Thursday, December 22, 2011

Character

Much as you enjoy thinking and taking about the scene as the basic unit of drama, you are fond as well of speaking and thinking of the lowest common denominator of the scene, which is the beat.  A beat is an action.  Jack woke up.  Better yet, Gregor Samsa awakened.  A scene is a number of beats, placed in some order to secure some dramatic and emotional effect.

Drama does not need to run in a strict chronology, thus its component beats may be arranged in ways the author believes presents the desired emotional residue.  This optimal arrangement, this non-chronological order of beats is the plot.

Although some novels and stories have memorable plots--usually because these plots are simple to the point of simplistic (Les Miserables, Huckleberry Finn, Moby-Dick)—it is still possible to make the observation that readers are more apt to recall characters with vivid detail while recalling only the barest of details of the plot.

You for your part have written numerous novels and short stories that found their way into publication and an almost impossible to document number that are mercifully away from your ability to do anything meaningful with them.  You have edited works of fiction, seeing them through both the editorial and production processes, yet you could not estimate with any degree of confidence the approximate number of beats in a novel of average length or a short story of any length.  Your point here is that even with a production oriented need to know the approximate number of words or characters in a text for the purpose of determining the size of the type and the width of a standard line, your senses are more apt to retain the names and background of characters rather than the detailed specifics of the plots in which they found themselves enmeshed.

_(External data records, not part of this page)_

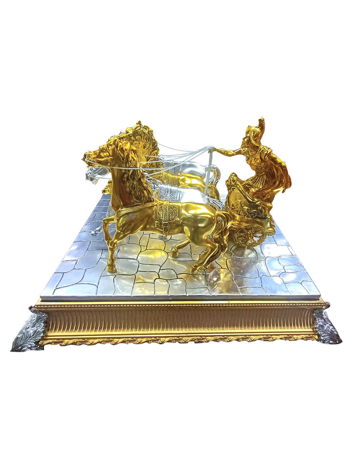 This Chariot horses is a fabulous decorative showpiece for most homes.The fine finish and attractive look of it makes this horse chariot more desirable accessory for living and dining room. The detailing on its surface, lovely structure and carving deatil also adds to its beauty and it is a perfect masterpiece for all those who love to collect distinct showpieces.
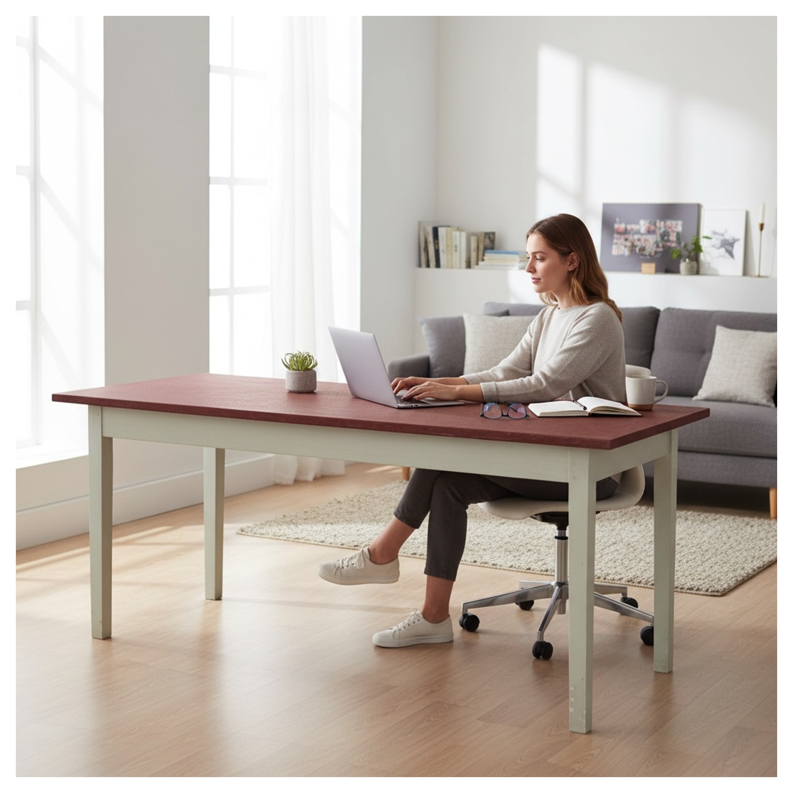 tavolo da lavoro con piano rivestito in tessuto bordeaux
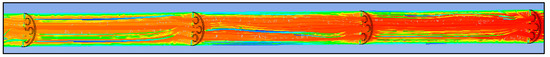A maximum α of 2.02, as can be seen in Figure 21, indicated that the AHT method was effective considering both the convective heat transfer and the friction loss. Moreover, a remarkable increase in heat transfer rate by up to 4.28 times can be depicted in Figure 22. This enhancement is attributed to the formation of turbulence and recirculation as the pipe rotates [26]. Figure 23 presents the build-up of swirls and vortices across the pipe length that induces rapid thermal mixing. On the other hand, Figure 24 shows the temperature profile of the hot fluid domain at the inner pipe inlet and inner pipe outlet. Consequently, heat transfer enhancement occurred more efficiently. These comparable results denote that the active AHT method applied is promising in terms of parameters such as low friction loss and high convective heat transfer and heat transfer rate.
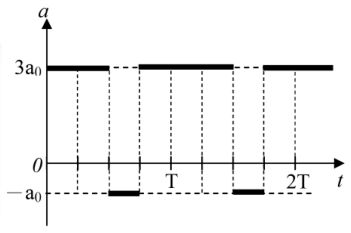 4. 有一質量為 m 的玩具小船由靜止開始在相鄰兩個運動週期內的加速度 a 與時間 t 之關係如圖所示,其運動可視為直線運動,則在經過第一個週期(t=0~t=T)後,小船的動能增加量為何? 【4】

This is your trump card for the argument that character may supplement plot but character also has the greater likelihood of being recalled, certainly more likely than plot.

Readers and writers begin with the knowledge that characters are mere constructions.  Characters may be built on or modeled after actual individuals, but that is of insignificant consequence if the character is presented in such a way that he or she emerges as real to the reader.  True enough, a story has almost no shot at publication if it sounds contrived, nevertheless the reader recalls the characters, particularly when they are seemingly at their wit’s end.

You might argue that a character find himself or herself at wit’s end is in fact a major plot condition, piling it on with the added observation that the author of a well-crafted narrative has given the character some ability which she must recognize in herself, before setting out to do battle.
Best hope is that the reader will recall a specific plot point or scene because that point or scene had some personal resonance, a fact many critics and shrinks consider proof that we as a species are bound together more in story than racial/ethnic tradition.

We enjoy and seek particular kinds of stories and their situations because we want to see how characters as flawed as we can have a hand in dealing with the wolf pack at their heels.

No matter how much out on the limb a particular character is, we root for that character to extricate himself from that plot because we have identified with the character.  At a certain time in our life, we’ll have tarried with any number of plots.  Yesterday’s pain might have left a scar, last week’s fright may have had an effect on our timing, some plot details might cause us to twitch with discomfort because we’d been somewhere similar, but we have faith in our characters; they’ll get free of the plot complications and go on doing things we’re tempted to watch.

It is a temptation we cannot, in the proper story, resist.